For a smooth, quiet ride you’re going to have to oil your machine regularly.

Try and do this quickly before you go out, then do a more thorough job every 15 hours of riding.

On the chain, use a waxy type lubricant and then something thinner for every other part.

Make sure you shift the gears, going up and down, and give your bike a good going over to make sure no part squeaks. Every moving part can be lubricated.

After you’re done, use a rag to wipe away every part where it’s not needed. And beware of oiling the brake discs – this should never be done.

Fixing a flat

Remove the wheel from the bike with the flat tire and search the tire for any obvious cause of puncture to prevent another one from happening soon afterward.

Tire levers will help you prize the tire away from the wheel and get to the inner tube.

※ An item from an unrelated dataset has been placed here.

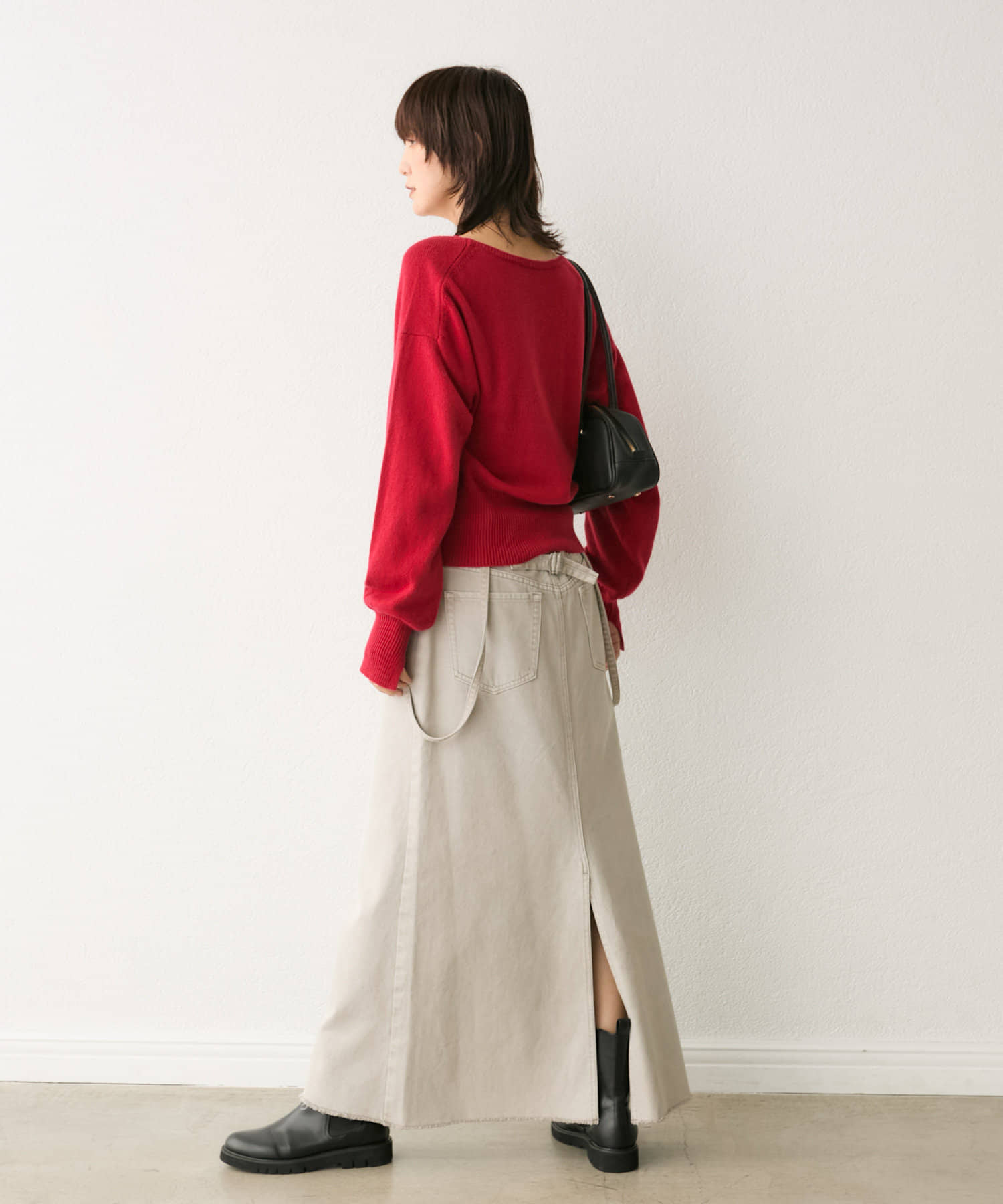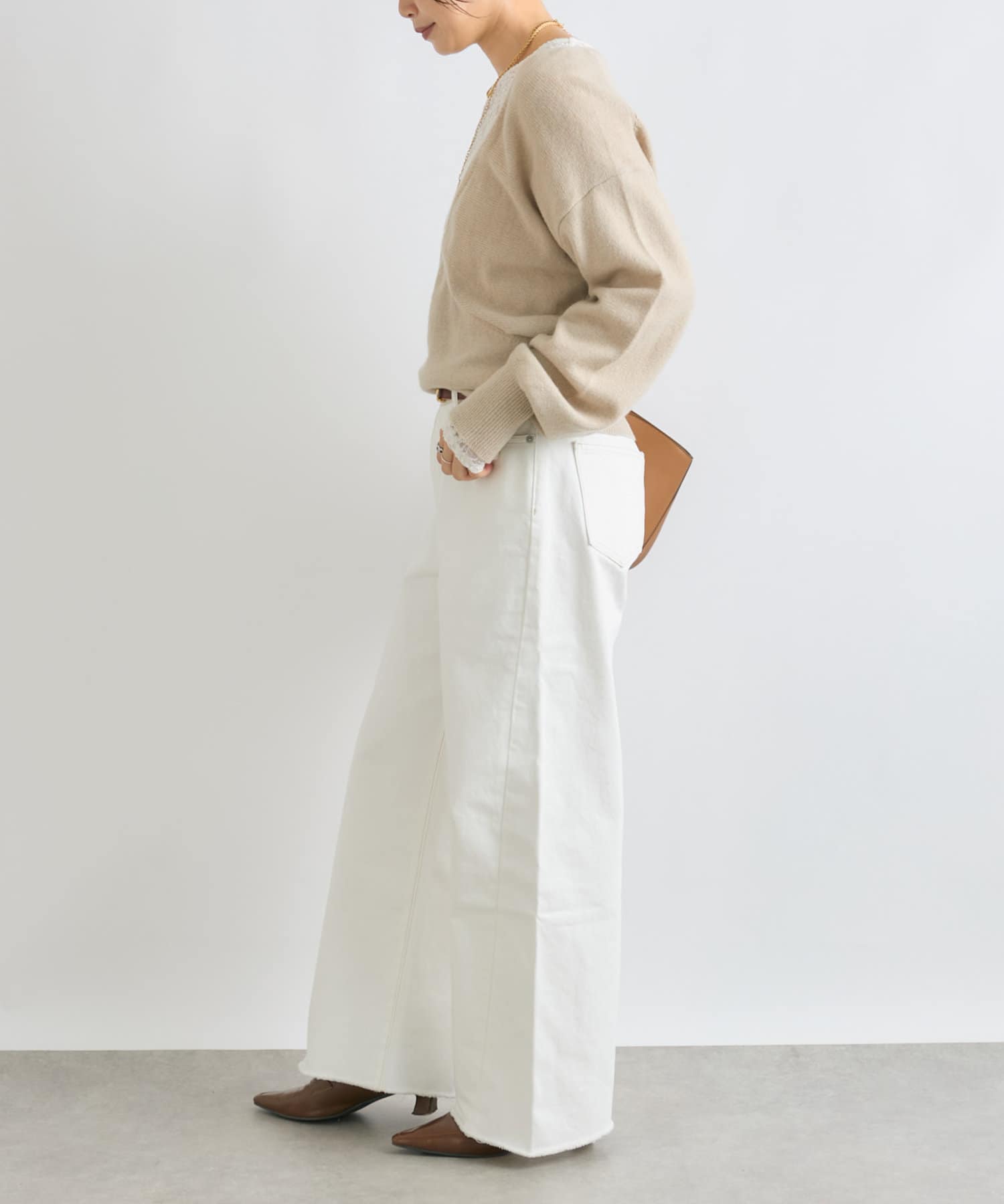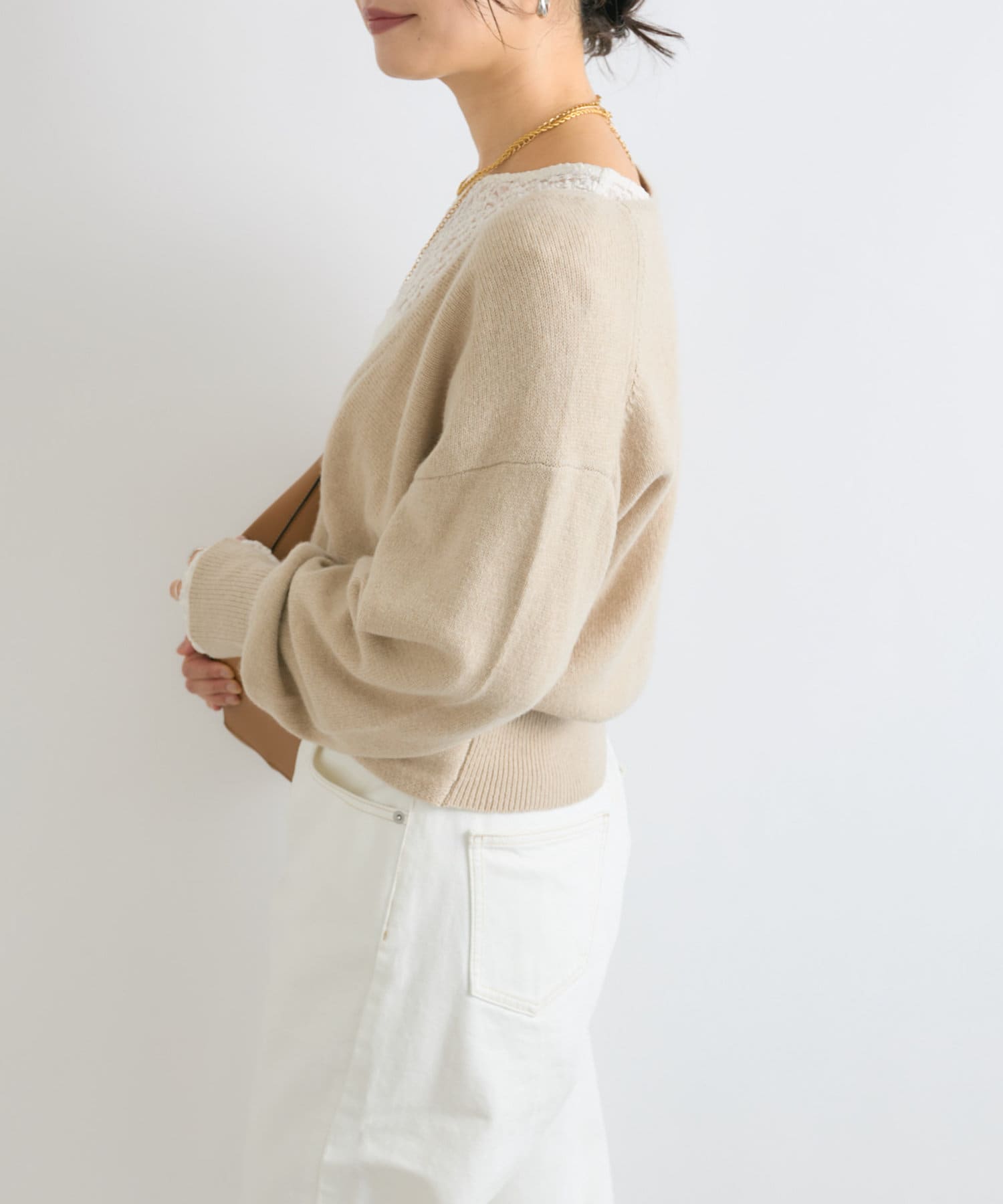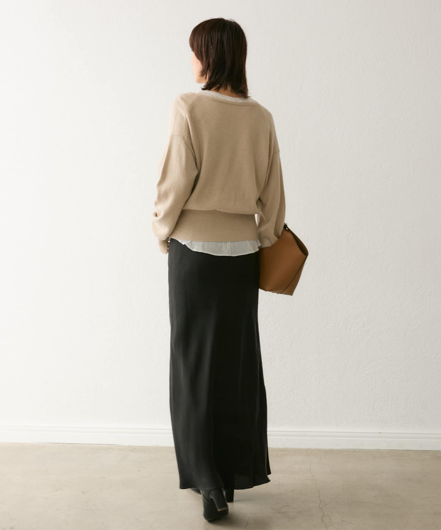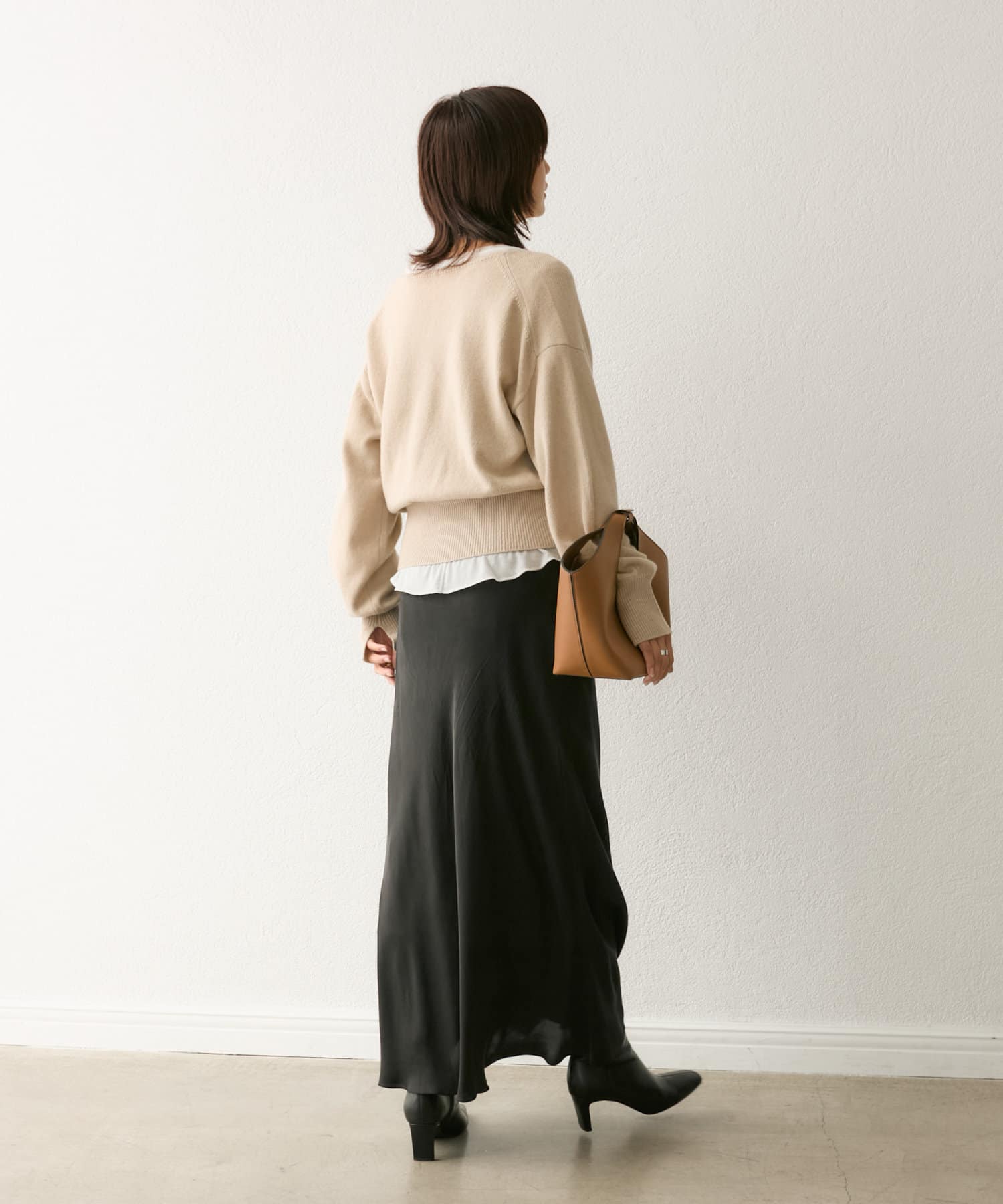 袖リブの長さも着丈に合わせたバランスにしているのでYAK100カシュクールニット(RDZ1042305A0001)とは違った印象で着ていただけます。

After the inner tube out then searches the inside of the tire for anything that might have caused the burst.

To save buying a new inner tube, you’ll have to fix this one. Do that by locating the hole – inflating it to see there’s a hissing sound, then moving your hand around it for a leak.

One hint from the pros is to put the tube next to your cheek or eye, as these two parts of the body are particularly sensitive.

Then work your way around the tube searching for the leak.